# The task
Retype each record below word for word. Leave the pictures out.

Items listed in a dataset
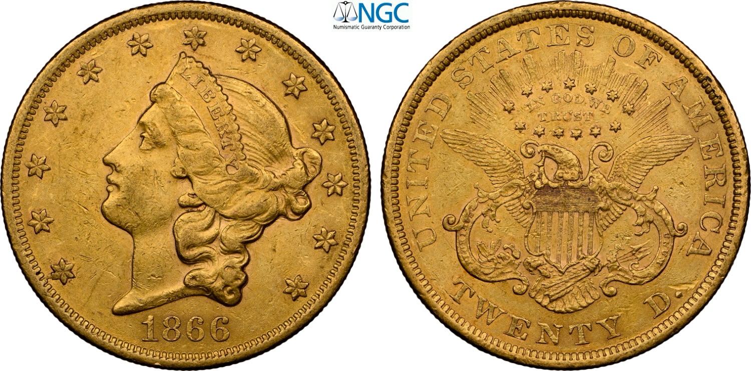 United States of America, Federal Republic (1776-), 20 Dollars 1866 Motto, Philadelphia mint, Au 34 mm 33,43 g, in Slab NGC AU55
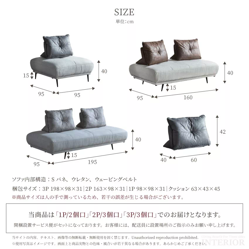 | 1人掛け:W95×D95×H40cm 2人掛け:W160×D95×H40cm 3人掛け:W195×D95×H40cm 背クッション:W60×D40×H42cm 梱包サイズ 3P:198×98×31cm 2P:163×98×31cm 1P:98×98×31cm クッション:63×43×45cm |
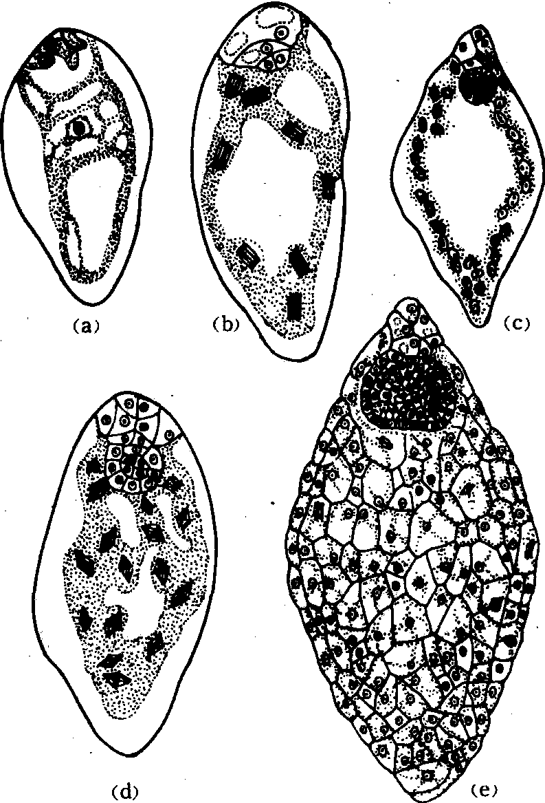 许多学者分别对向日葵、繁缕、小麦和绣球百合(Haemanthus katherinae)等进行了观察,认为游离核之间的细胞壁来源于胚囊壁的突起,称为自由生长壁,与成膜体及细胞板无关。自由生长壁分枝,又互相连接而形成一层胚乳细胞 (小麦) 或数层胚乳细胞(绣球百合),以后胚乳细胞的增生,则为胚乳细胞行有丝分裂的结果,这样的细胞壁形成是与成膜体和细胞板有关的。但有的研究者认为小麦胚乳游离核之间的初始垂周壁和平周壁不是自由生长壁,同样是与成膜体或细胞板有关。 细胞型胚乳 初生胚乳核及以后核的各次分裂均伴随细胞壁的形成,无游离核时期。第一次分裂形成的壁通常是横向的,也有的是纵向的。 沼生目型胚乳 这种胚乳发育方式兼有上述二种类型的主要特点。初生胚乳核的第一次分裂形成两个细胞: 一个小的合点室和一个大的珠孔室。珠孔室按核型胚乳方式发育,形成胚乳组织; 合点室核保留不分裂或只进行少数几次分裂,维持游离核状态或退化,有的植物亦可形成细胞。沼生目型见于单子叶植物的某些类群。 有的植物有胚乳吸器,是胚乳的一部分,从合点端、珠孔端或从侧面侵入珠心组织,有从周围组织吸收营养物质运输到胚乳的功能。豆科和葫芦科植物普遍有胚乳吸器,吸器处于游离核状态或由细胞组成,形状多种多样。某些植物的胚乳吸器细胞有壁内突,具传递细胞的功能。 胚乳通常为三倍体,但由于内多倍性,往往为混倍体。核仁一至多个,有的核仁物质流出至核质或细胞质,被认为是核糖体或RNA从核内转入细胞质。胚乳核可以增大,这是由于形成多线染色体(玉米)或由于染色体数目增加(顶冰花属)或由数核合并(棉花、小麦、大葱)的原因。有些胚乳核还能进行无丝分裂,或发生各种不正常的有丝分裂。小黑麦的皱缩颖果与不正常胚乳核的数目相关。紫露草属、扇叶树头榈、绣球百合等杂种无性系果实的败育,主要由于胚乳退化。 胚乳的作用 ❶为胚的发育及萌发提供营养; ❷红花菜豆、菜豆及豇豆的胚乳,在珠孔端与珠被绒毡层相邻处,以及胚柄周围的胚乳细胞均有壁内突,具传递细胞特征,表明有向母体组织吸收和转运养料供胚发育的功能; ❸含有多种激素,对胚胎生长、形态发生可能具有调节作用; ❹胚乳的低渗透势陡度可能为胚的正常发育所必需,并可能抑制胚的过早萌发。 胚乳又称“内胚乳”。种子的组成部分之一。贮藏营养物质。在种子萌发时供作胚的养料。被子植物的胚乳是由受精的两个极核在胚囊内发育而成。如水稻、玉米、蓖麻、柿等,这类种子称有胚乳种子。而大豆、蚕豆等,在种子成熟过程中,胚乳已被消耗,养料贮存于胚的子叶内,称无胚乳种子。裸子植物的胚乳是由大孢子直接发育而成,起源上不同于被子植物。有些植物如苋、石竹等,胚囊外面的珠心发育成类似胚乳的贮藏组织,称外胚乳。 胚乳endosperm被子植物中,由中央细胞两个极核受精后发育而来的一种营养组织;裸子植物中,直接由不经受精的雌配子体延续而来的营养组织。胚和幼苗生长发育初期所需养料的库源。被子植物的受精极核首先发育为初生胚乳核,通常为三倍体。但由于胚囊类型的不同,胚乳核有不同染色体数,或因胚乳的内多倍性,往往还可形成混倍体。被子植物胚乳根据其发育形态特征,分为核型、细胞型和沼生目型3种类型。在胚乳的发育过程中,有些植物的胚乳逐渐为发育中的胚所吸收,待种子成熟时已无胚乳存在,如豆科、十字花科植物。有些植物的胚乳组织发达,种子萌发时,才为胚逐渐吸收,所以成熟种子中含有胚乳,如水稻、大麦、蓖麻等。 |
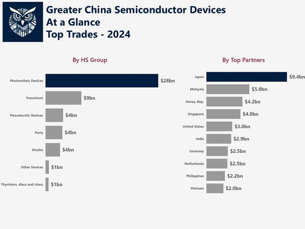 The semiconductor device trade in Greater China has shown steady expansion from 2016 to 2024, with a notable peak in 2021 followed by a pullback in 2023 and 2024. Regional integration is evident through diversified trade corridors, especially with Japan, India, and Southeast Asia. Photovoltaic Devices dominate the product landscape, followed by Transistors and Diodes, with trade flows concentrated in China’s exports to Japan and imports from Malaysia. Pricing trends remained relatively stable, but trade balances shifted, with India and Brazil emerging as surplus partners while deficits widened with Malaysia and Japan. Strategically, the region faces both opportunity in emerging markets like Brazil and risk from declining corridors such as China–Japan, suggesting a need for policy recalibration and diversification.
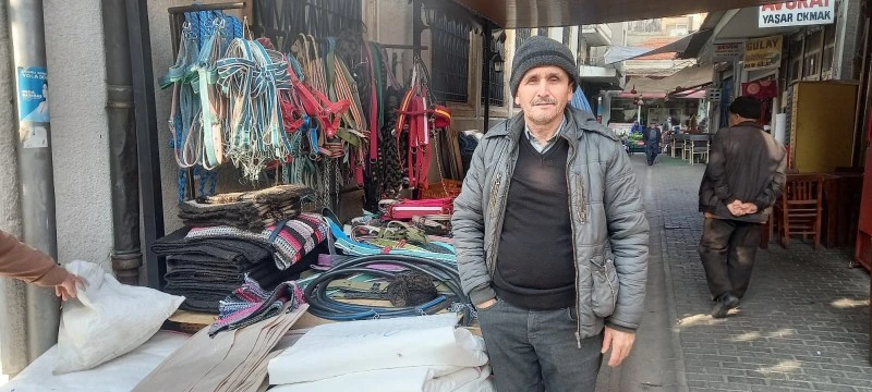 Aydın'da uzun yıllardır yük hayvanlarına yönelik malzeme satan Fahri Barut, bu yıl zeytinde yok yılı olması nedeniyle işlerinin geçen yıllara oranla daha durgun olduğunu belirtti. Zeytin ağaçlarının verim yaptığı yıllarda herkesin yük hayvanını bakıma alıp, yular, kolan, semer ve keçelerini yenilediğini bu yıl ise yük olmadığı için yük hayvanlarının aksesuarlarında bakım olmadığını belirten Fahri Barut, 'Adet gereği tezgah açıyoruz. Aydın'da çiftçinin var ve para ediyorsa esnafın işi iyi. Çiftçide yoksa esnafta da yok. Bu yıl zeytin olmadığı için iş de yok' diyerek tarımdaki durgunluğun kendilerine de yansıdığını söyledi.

# Exercise answer
 United States of America, Federal Republic (1776-), 20 Dollars 1866 Motto, Philadelphia mint, Au 34 mm 33,43 g, in Slab NGC AU55
 | 1人掛け:W95×D95×H40cm 2人掛け:W160×D95×H40cm 3人掛け:W195×D95×H40cm 背クッション:W60×D40×H42cm 梱包サイズ 3P:198×98×31cm 2P:163×98×31cm 1P:98×98×31cm クッション:63×43×45cm |
 许多学者分别对向日葵、繁缕、小麦和绣球百合(Haemanthus katherinae)等进行了观察,认为游离核之间的细胞壁来源于胚囊壁的突起,称为自由生长壁,与成膜体及细胞板无关。自由生长壁分枝,又互相连接而形成一层胚乳细胞 (小麦) 或数层胚乳细胞(绣球百合),以后胚乳细胞的增生,则为胚乳细胞行有丝分裂的结果,这样的细胞壁形成是与成膜体和细胞板有关的。但有的研究者认为小麦胚乳游离核之间的初始垂周壁和平周壁不是自由生长壁,同样是与成膜体或细胞板有关。 细胞型胚乳 初生胚乳核及以后核的各次分裂均伴随细胞壁的形成,无游离核时期。第一次分裂形成的壁通常是横向的,也有的是纵向的。 沼生目型胚乳 这种胚乳发育方式兼有上述二种类型的主要特点。初生胚乳核的第一次分裂形成两个细胞: 一个小的合点室和一个大的珠孔室。珠孔室按核型胚乳方式发育,形成胚乳组织; 合点室核保留不分裂或只进行少数几次分裂,维持游离核状态或退化,有的植物亦可形成细胞。沼生目型见于单子叶植物的某些类群。 有的植物有胚乳吸器,是胚乳的一部分,从合点端、珠孔端或从侧面侵入珠心组织,有从周围组织吸收营养物质运输到胚乳的功能。豆科和葫芦科植物普遍有胚乳吸器,吸器处于游离核状态或由细胞组成,形状多种多样。某些植物的胚乳吸器细胞有壁内突,具传递细胞的功能。 胚乳通常为三倍体,但由于内多倍性,往往为混倍体。核仁一至多个,有的核仁物质流出至核质或细胞质,被认为是核糖体或RNA从核内转入细胞质。胚乳核可以增大,这是由于形成多线染色体(玉米)或由于染色体数目增加(顶冰花属)或由数核合并(棉花、小麦、大葱)的原因。有些胚乳核还能进行无丝分裂,或发生各种不正常的有丝分裂。小黑麦的皱缩颖果与不正常胚乳核的数目相关。紫露草属、扇叶树头榈、绣球百合等杂种无性系果实的败育,主要由于胚乳退化。 胚乳的作用 ❶为胚的发育及萌发提供营养; ❷红花菜豆、菜豆及豇豆的胚乳,在珠孔端与珠被绒毡层相邻处,以及胚柄周围的胚乳细胞均有壁内突,具传递细胞特征,表明有向母体组织吸收和转运养料供胚发育的功能; ❸含有多种激素,对胚胎生长、形态发生可能具有调节作用; ❹胚乳的低渗透势陡度可能为胚的正常发育所必需,并可能抑制胚的过早萌发。 胚乳又称“内胚乳”。种子的组成部分之一。贮藏营养物质。在种子萌发时供作胚的养料。被子植物的胚乳是由受精的两个极核在胚囊内发育而成。如水稻、玉米、蓖麻、柿等,这类种子称有胚乳种子。而大豆、蚕豆等,在种子成熟过程中,胚乳已被消耗,养料贮存于胚的子叶内,称无胚乳种子。裸子植物的胚乳是由大孢子直接发育而成,起源上不同于被子植物。有些植物如苋、石竹等,胚囊外面的珠心发育成类似胚乳的贮藏组织,称外胚乳。 胚乳endosperm被子植物中,由中央细胞两个极核受精后发育而来的一种营养组织;裸子植物中,直接由不经受精的雌配子体延续而来的营养组织。胚和幼苗生长发育初期所需养料的库源。被子植物的受精极核首先发育为初生胚乳核,通常为三倍体。但由于胚囊类型的不同,胚乳核有不同染色体数,或因胚乳的内多倍性,往往还可形成混倍体。被子植物胚乳根据其发育形态特征,分为核型、细胞型和沼生目型3种类型。在胚乳的发育过程中,有些植物的胚乳逐渐为发育中的胚所吸收,待种子成熟时已无胚乳存在,如豆科、十字花科植物。有些植物的胚乳组织发达,种子萌发时,才为胚逐渐吸收,所以成熟种子中含有胚乳,如水稻、大麦、蓖麻等。 |
 The semiconductor device trade in Greater China has shown steady expansion from 2016 to 2024, with a notable peak in 2021 followed by a pullback in 2023 and 2024. Regional integration is evident through diversified trade corridors, especially with Japan, India, and Southeast Asia. Photovoltaic Devices dominate the product landscape, followed by Transistors and Diodes, with trade flows concentrated in China’s exports to Japan and imports from Malaysia. Pricing trends remained relatively stable, but trade balances shifted, with India and Brazil emerging as surplus partners while deficits widened with Malaysia and Japan. Strategically, the region faces both opportunity in emerging markets like Brazil and risk from declining corridors such as China–Japan, suggesting a need for policy recalibration and diversification.
 Aydın'da uzun yıllardır yük hayvanlarına yönelik malzeme satan Fahri Barut, bu yıl zeytinde yok yılı olması nedeniyle işlerinin geçen yıllara oranla daha durgun olduğunu belirtti. Zeytin ağaçlarının verim yaptığı yıllarda herkesin yük hayvanını bakıma alıp, yular, kolan, semer ve keçelerini yenilediğini bu yıl ise yük olmadığı için yük hayvanlarının aksesuarlarında bakım olmadığını belirten Fahri Barut, 'Adet gereği tezgah açıyoruz. Aydın'da çiftçinin var ve para ediyorsa esnafın işi iyi. Çiftçide yoksa esnafta da yok. Bu yıl zeytin olmadığı için iş de yok' diyerek tarımdaki durgunluğun kendilerine de yansıdığını söyledi.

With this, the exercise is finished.